*** Provided data ***

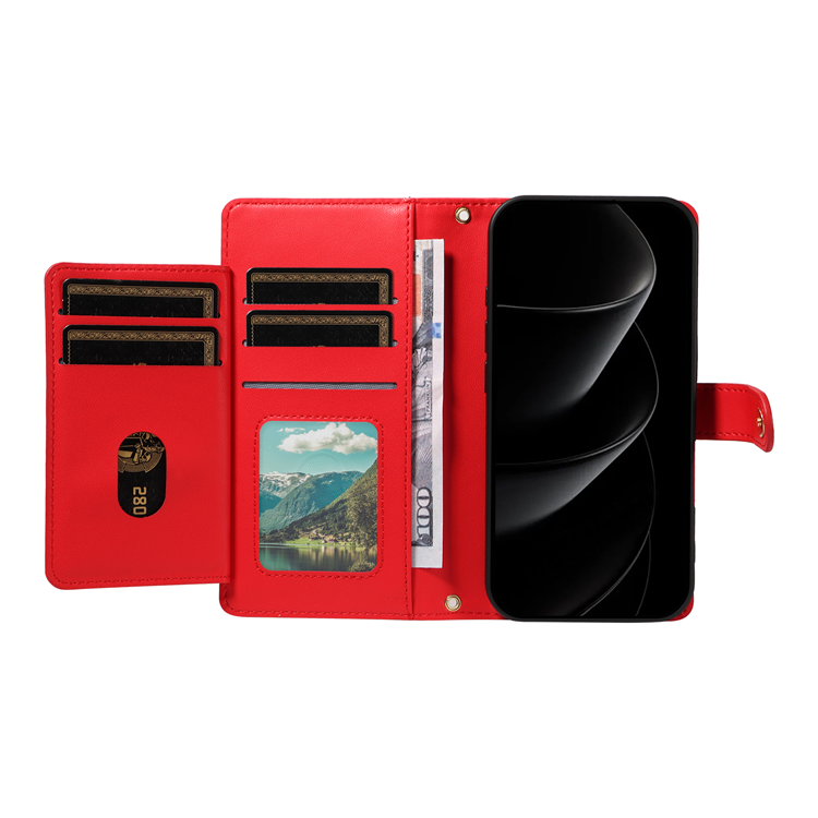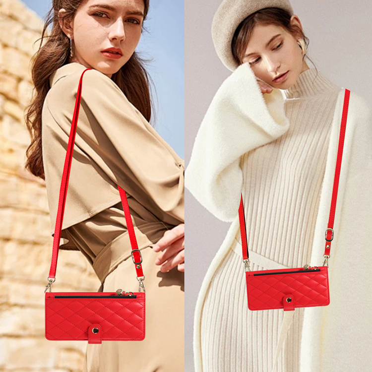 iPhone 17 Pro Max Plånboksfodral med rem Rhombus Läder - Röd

***
*** Provided data ***

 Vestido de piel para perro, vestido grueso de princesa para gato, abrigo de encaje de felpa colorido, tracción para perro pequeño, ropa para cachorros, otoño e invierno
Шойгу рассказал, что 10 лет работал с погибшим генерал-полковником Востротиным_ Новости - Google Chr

***
*** Provided data ***

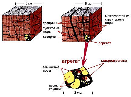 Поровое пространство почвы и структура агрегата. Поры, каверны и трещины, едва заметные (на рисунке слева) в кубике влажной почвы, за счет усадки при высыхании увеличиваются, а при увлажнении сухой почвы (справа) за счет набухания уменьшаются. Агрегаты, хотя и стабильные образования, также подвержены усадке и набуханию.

***

- **The task**
Reprint exactly the lines above that start at the one with "Vestido de piel" and end at the one with "Шойгу рассказал, что", keeping both and adding none.

- **Response to the task**
 Vestido de piel para perro, vestido grueso de princesa para gato, abrigo de encaje de felpa colorido, tracción para perro pequeño, ropa para cachorros, otoño e invierno
Шойгу рассказал, что 10 лет работал с погибшим генерал-полковником Востротиным_ Новости - Google Chr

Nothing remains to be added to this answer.